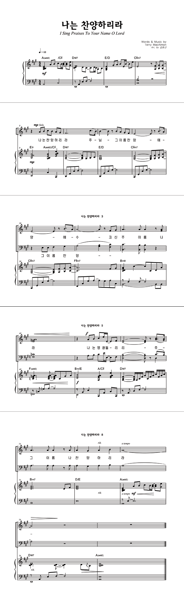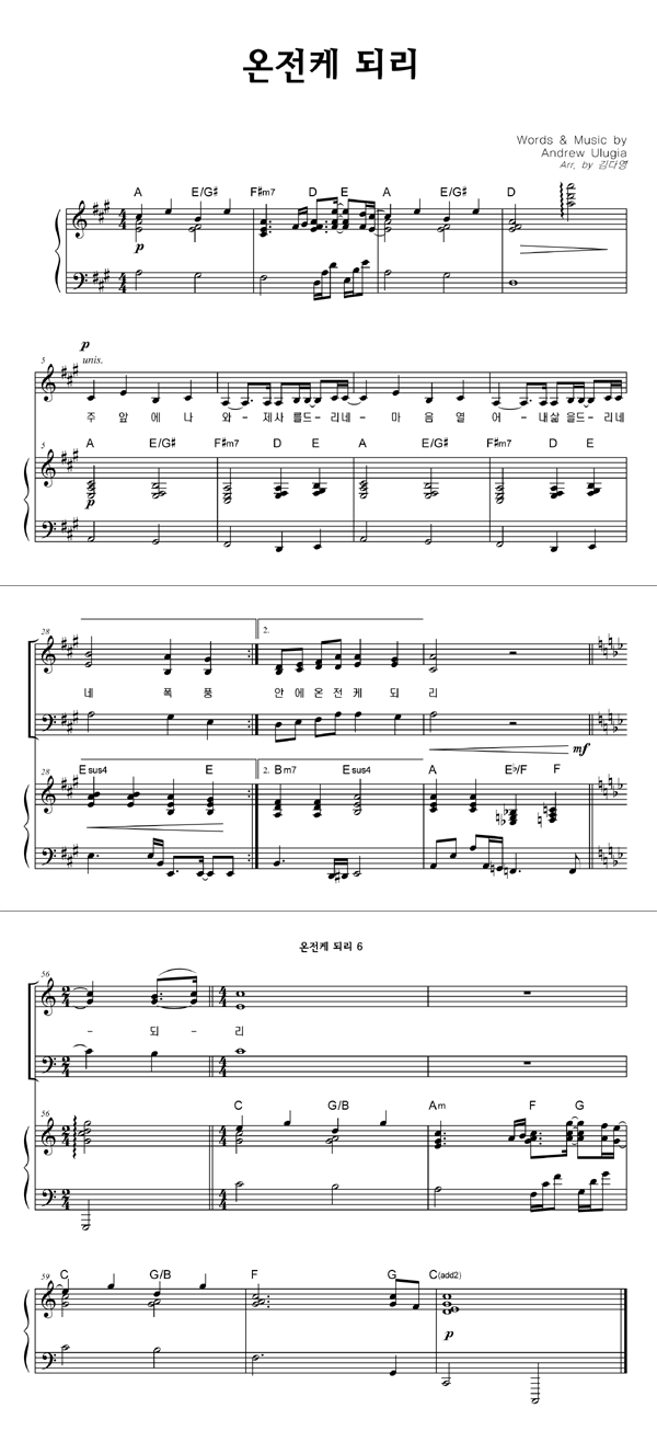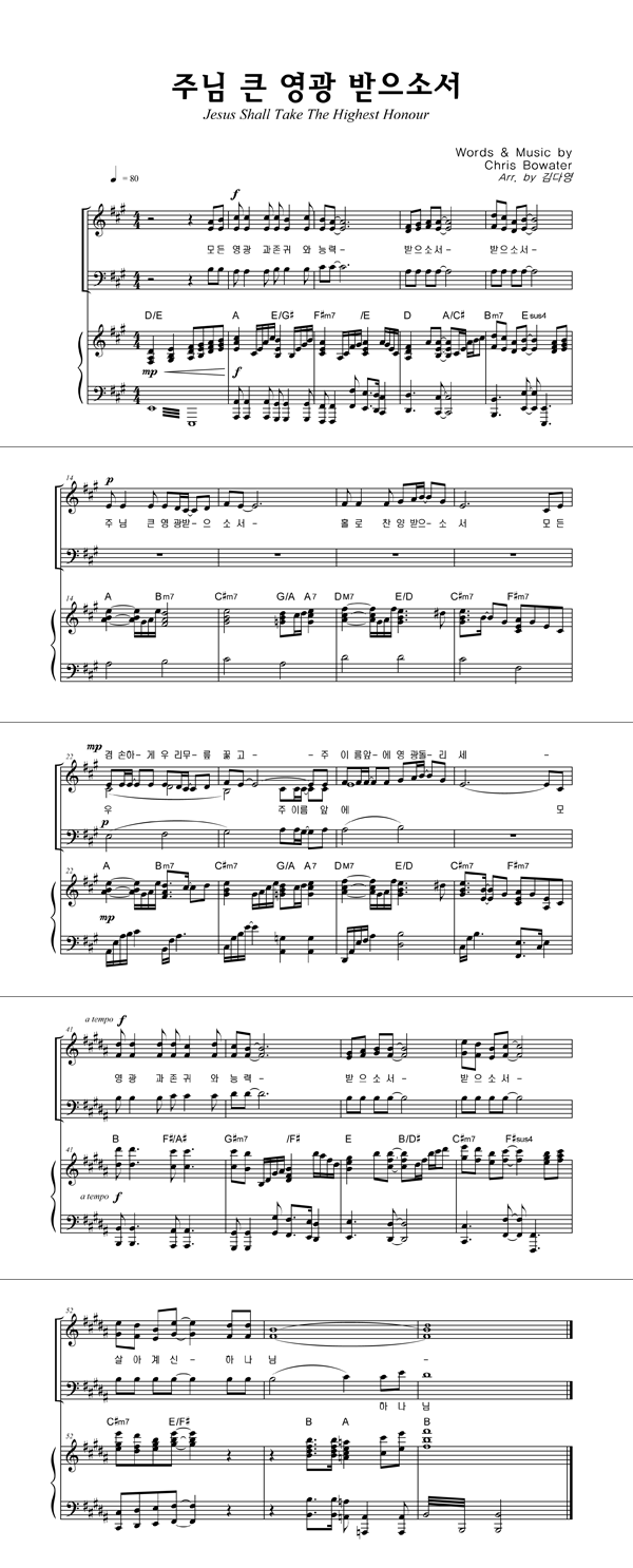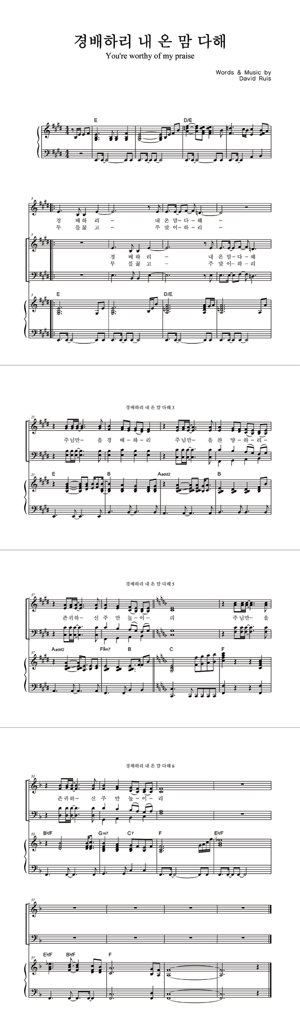 | 경배하리 내 온 맘 다해 | 성가 4부 + 피아노 반주 |
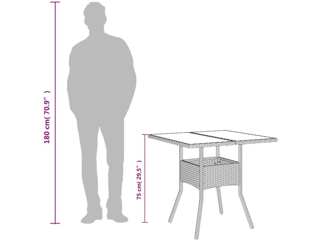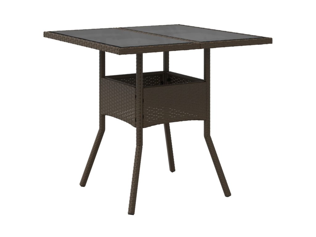 Multidom Záhradný stôl so sklenenou doskou, hnedý 80x80x75 cm, polyratan
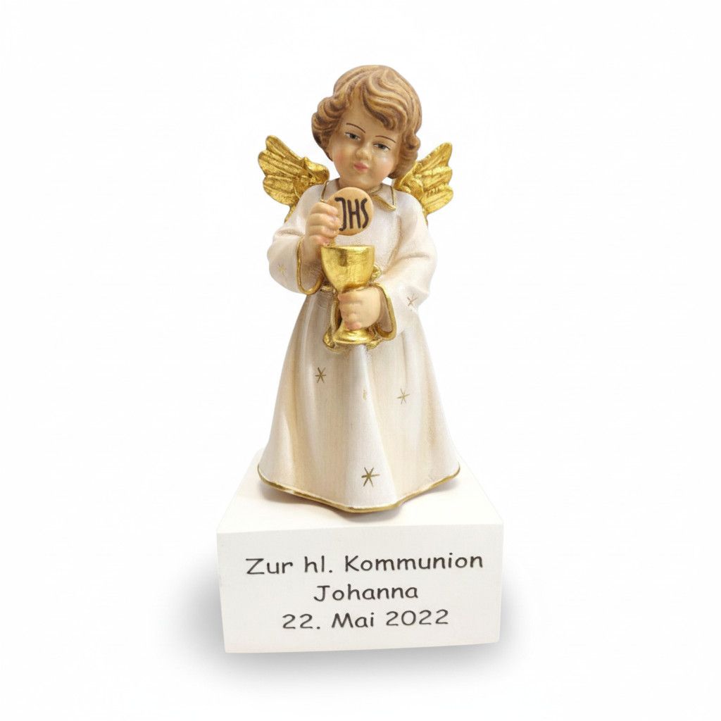 Kommunionengel mit Gravur kaufen – Schutzengel aus Holz mit Sockel
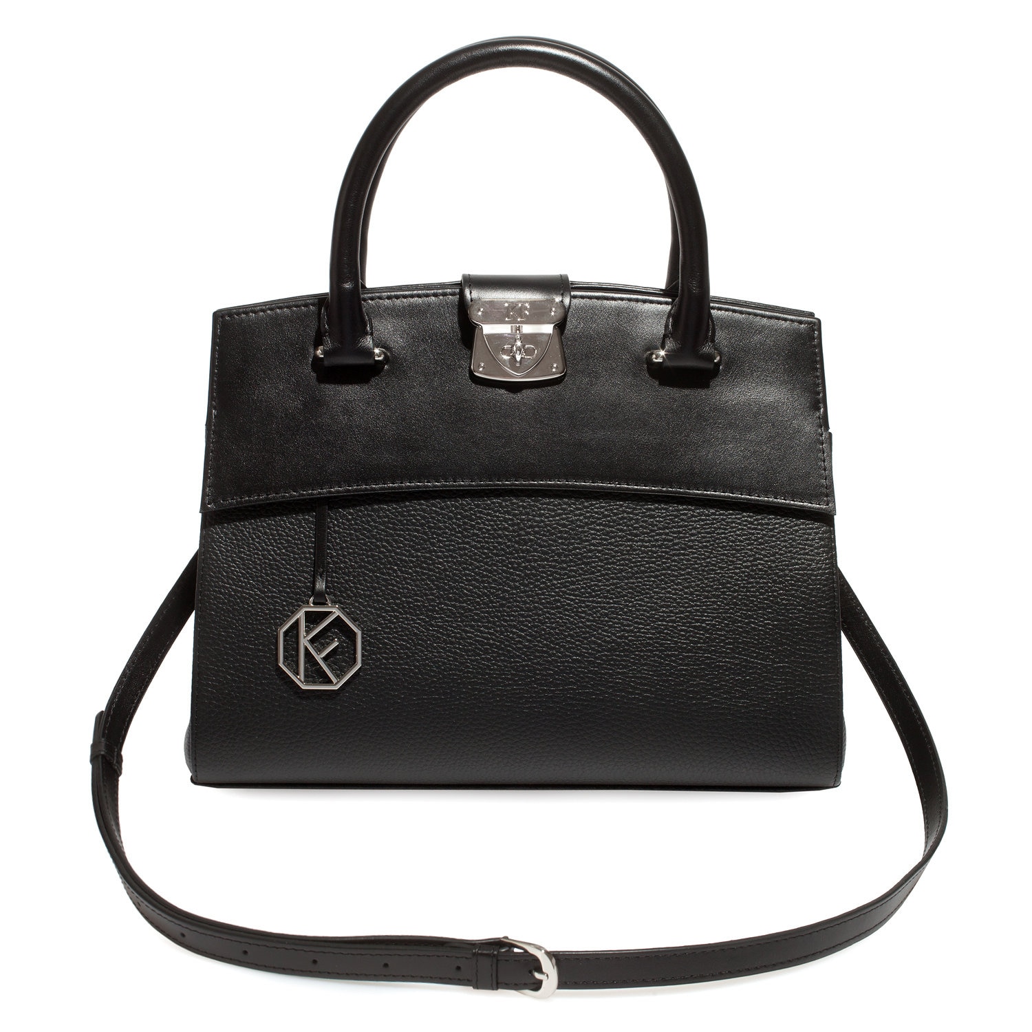 Leather Top Handle Bag, Black Leather Handbag Top Handle, Women's Leather Bag KF-4925

◆ DIRECTIONS FOR THIS TASK:
Write out the lines of the material from the one containing "Kommunionengel mit Gravur" through the last, exactly and only those. Leave every picture out.

◆ ANSWER SPACE:
 Kommunionengel mit Gravur kaufen – Schutzengel aus Holz mit Sockel
 Leather Top Handle Bag, Black Leather Handbag Top Handle, Women's Leather Bag KF-4925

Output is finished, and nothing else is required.